With both sets of tunables active I was able to measure 155 MBps on an rsync between the two servers, and the Linux server was running at ~97% CPU so it's maxed out. At least this speed proves that everything is running at 10GbE as it's too fast for gigabit, so it looks like nothing is wrong with my ESXi configuration or OS drivers, hooray! Soon I'll be upgrading the CPU in the Linux server and reconfiguring it with FreeNAS to support ZFS replication, but at least now I'm comfortable knowing I'm getting everything the old unit is capable of, and the bottleneck is no longer the NIC for the time being.
 

kdragon75

Wizard
Joined
Aug 7, 2016
Messages
2,457
If Linux was running at 90+% that's tell me it's not using any offloading. Sounds like a card/driver issue. Did you try iperf in TCP mode? As I recall it defaults to UDP. Also checking for excessive interupts may be worth while. You should be getting far better speeds without all the fiddling.
 

kdragon75

Wizard
Joined
Aug 7, 2016
Messages
2,457
What kind of melnox cards are you using? What version of linux is you client does it have the same model melnox card? What are the specs of the client CPU ram etc. What CPU is in the host. We can play with tunables on both systems until we're blue in the face but until we know the underlying hardware on both ends we won't know of were close to what we can expect.
 
Joined
May 10, 2017
Messages
838
With both sets of tunables active I was able to measure 155 MBps on an rsync between the two servers,

Rsync is great but it's not the fastest, I could never get more than around 150MB/s for a single rsync session, I could get some improvements by changing the SSH cipher, but it's still a lot slower than for example scp, these were a few tests I made recently between a FreeNAS and a couple of Linux servers directly connected with 10GbE Mellanox NICs.

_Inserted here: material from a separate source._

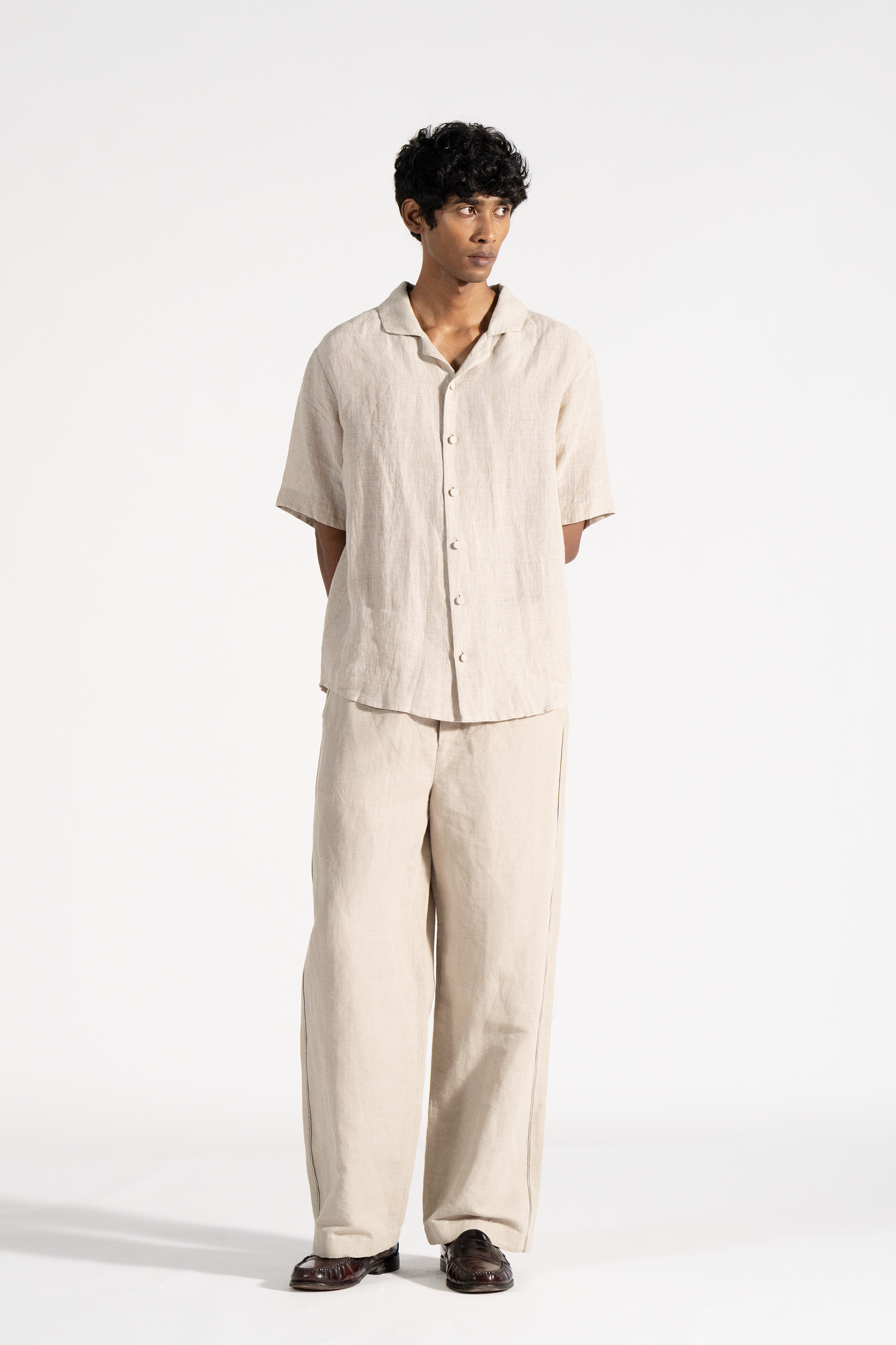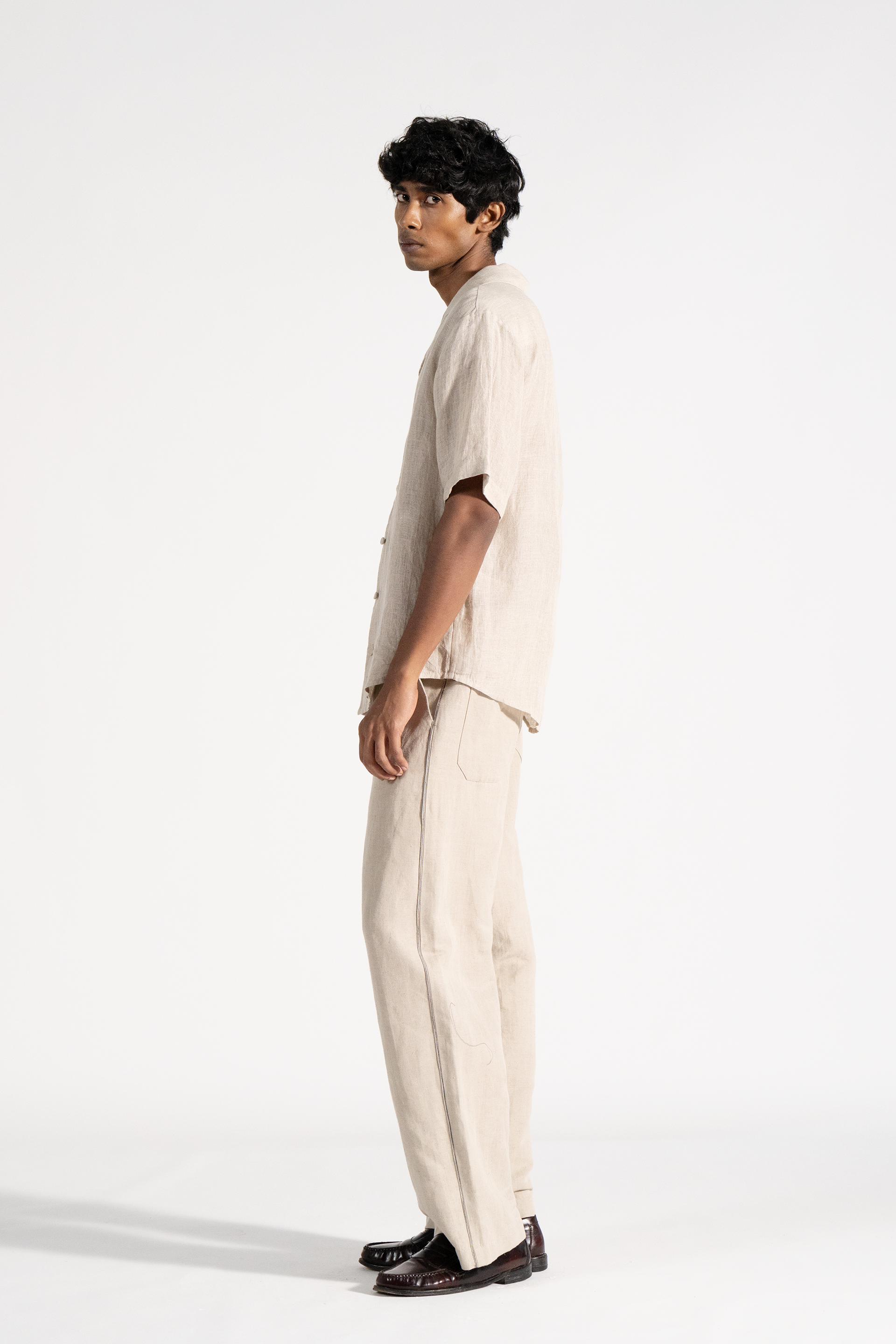 Notch collar shirt with short sleeve in khadi.

FreeNAS as source, CPU has hardware AES support, destination Linux, tested on servers with and without AES hardware CPU support, test was transfering a single 4.3GB file.

Code:
No hardware AES on dest:

scp default cipher                                100% 4181MB 150.1MB/s   00:27
scp -c aes128-ctr                                 100% 4181MB 192.8MB/s   00:21
scp -c aes128-gcm@openssh.com                     100% 4181MB 185.2MB/s   00:22
rsync default cipher                              4,384,403,013 100%  112.54MB/s    0:00:37
rsync -c aes128-gcm@openssh.com                   4,384,403,013 100%  142.83MB/s    0:00:29


Hardware AES on dest:

scp default cipher                                100% 4181MB 194.0MB/s   00:21
scp -c aes128-ctr                                 100% 4181MB 394.2MB/s   00:10
scp -c aes128-gcm@openssh.com                     100% 4181MB 431.7MB/s   00:09
rsync default cipher                              4,384,403,013 100%  120.25MB/s    0:00:34
rsync -c aes128-gcm@openssh.com                   4,384,403,013 100%  144.51MB/s    0:00:28


So based on these and my internet googling I belive it won't be easy to get more than around 150MB/s from rsync, what I've been doing to get around that is using simultaneous rsync transfers, around 5 or so and I can get to around 350MB/s, there are various ways of doing it, you can google it.
 

Magius

Explorer
Joined
Sep 29, 2016
Messages
70
Johnnie Black you're completely correct and that's some good background info for anyone who stumbles into this thread. In my case it's not as relevant because I'm doing a local rsync, not using any encryption at all. Specifically, instead of rsyncing to a remote host at IP:\folder, I mount the remote host into the local file system, and rysnc to the mount point, "fooling" rsync into thinking it's a local transfer and not using encryption.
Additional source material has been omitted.